For each entry below, please return its exact wording and leave out any picture.

========

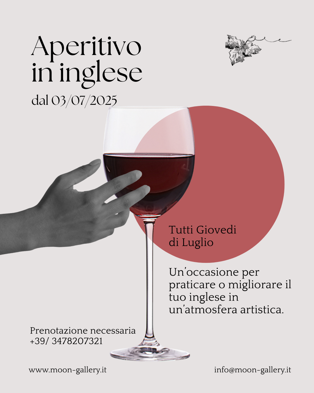 Ogni giovedì di luglio, dalle 18:30 alle 21:00, la Moon Gallery apre le porte del suo lounge bar per un aperitivo speciale… in inglese! Ogni incontro sarà esclusivamente incentrato sul dialogo, con argomenti scelti dai partecipanti in base ai loro interessi e necessità. Che si tratti di terminologia lavorativa, viaggi, arte, cultura o società, costruiremo insieme un percorso di conversazione su misura. Alla fine di ogni sessione, verranno forniti esercizi pratici per rafforzare quanto appreso.
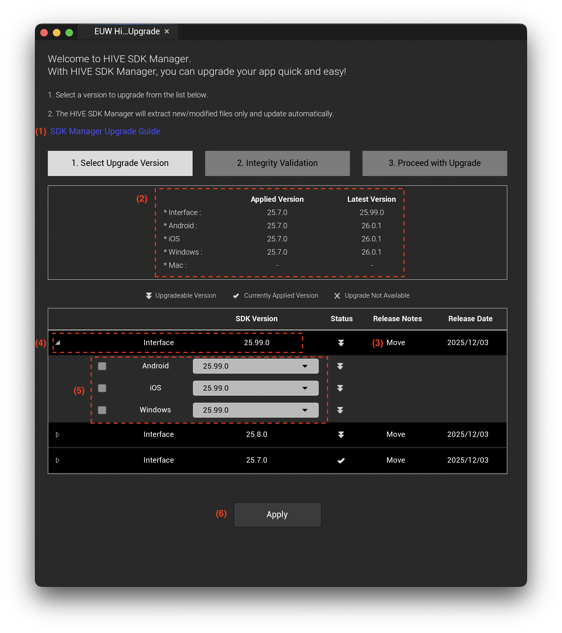 Upgrade Hive SDK with SDK Manager¶
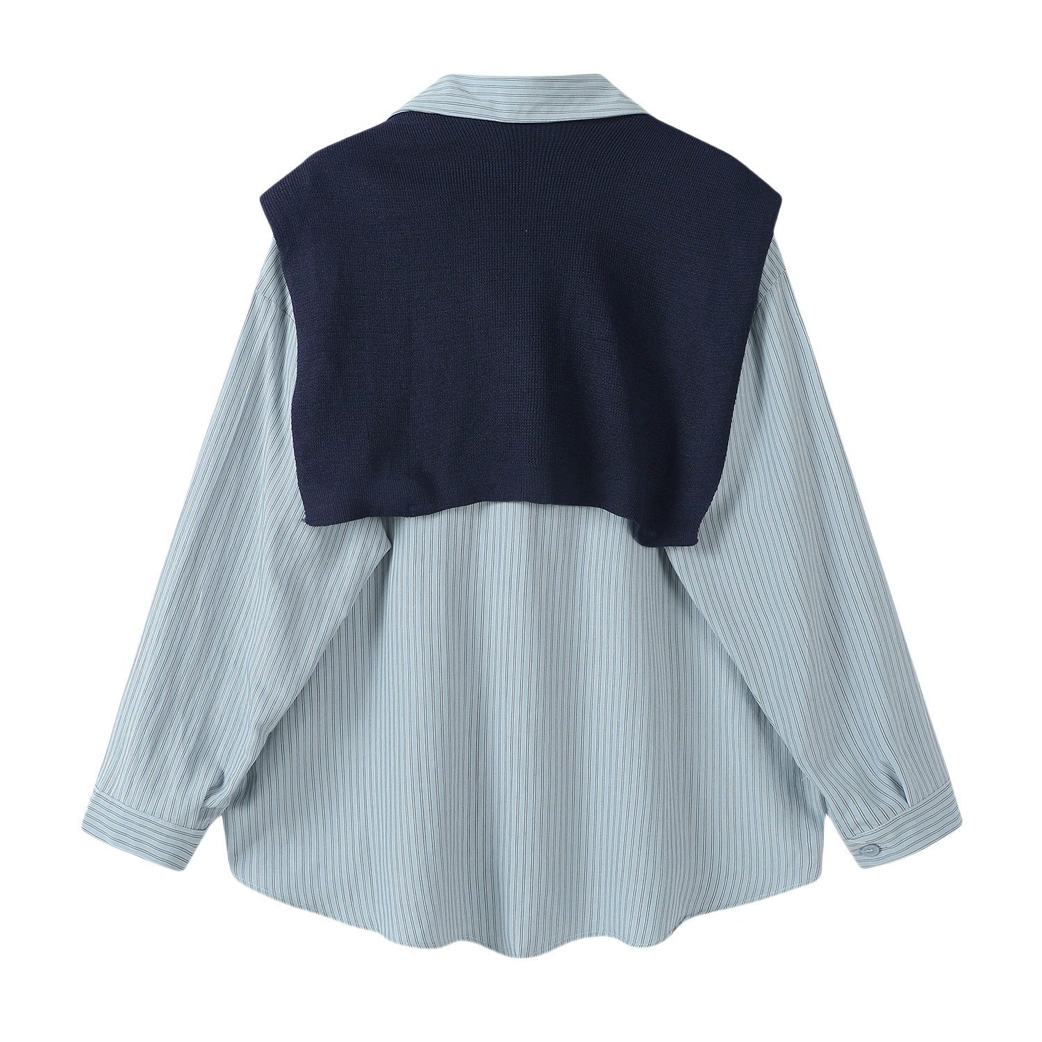 [PRE-ORDER] CuteGirl Striped Shawl Polo Collar Shirt – Women’s Early Autumn Casual Wear
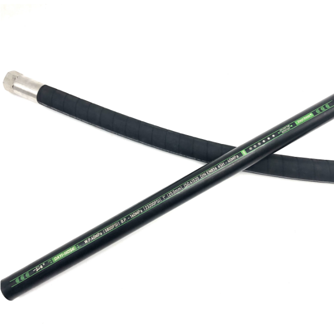 Similar to EN 856 4SH hydraulic hose, EN 856 4SP hose has higher working pressure under the same working temperature. Four layers of high tensile spiral wire give the hose best abrasion resistance and impulse fatigue. This kind of reinforcement is ideal for outdoor applications like forestry and mine equipment.
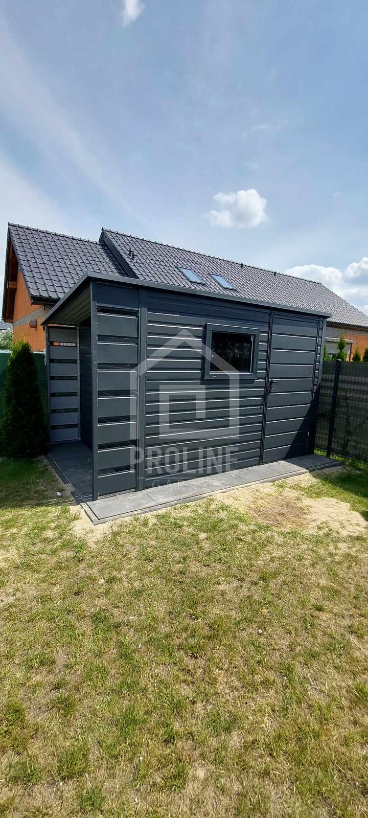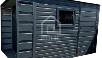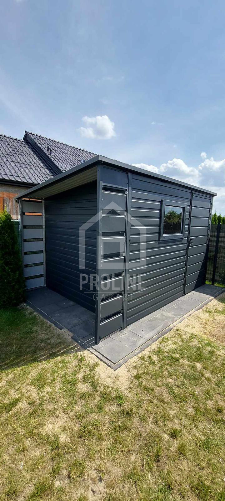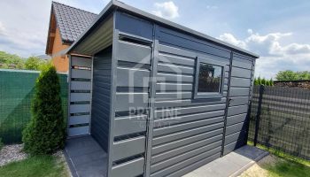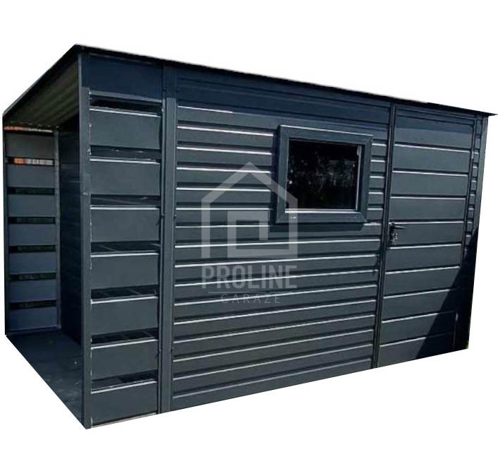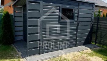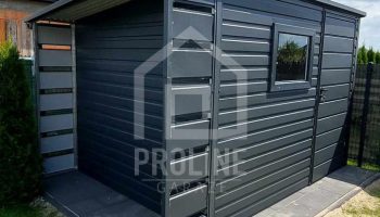 / Schowek – domek ogrodowy 2,5×2,5m + wiata 0,5m – drzwi – okno – antracyt – dach spad w tył PLG147

========

## Solution to this task
 Ogni giovedì di luglio, dalle 18:30 alle 21:00, la Moon Gallery apre le porte del suo lounge bar per un aperitivo speciale… in inglese! Ogni incontro sarà esclusivamente incentrato sul dialogo, con argomenti scelti dai partecipanti in base ai loro interessi e necessità. Che si tratti di terminologia lavorativa, viaggi, arte, cultura o società, costruiremo insieme un percorso di conversazione su misura. Alla fine di ogni sessione, verranno forniti esercizi pratici per rafforzare quanto appreso.
 Upgrade Hive SDK with SDK Manager¶
 [PRE-ORDER] CuteGirl Striped Shawl Polo Collar Shirt – Women’s Early Autumn Casual Wear
 Similar to EN 856 4SH hydraulic hose, EN 856 4SP hose has higher working pressure under the same working temperature. Four layers of high tensile spiral wire give the hose best abrasion resistance and impulse fatigue. This kind of reinforcement is ideal for outdoor applications like forestry and mine equipment.
 / Schowek – domek ogrodowy 2,5×2,5m + wiata 0,5m – drzwi – okno – antracyt – dach spad w tył PLG147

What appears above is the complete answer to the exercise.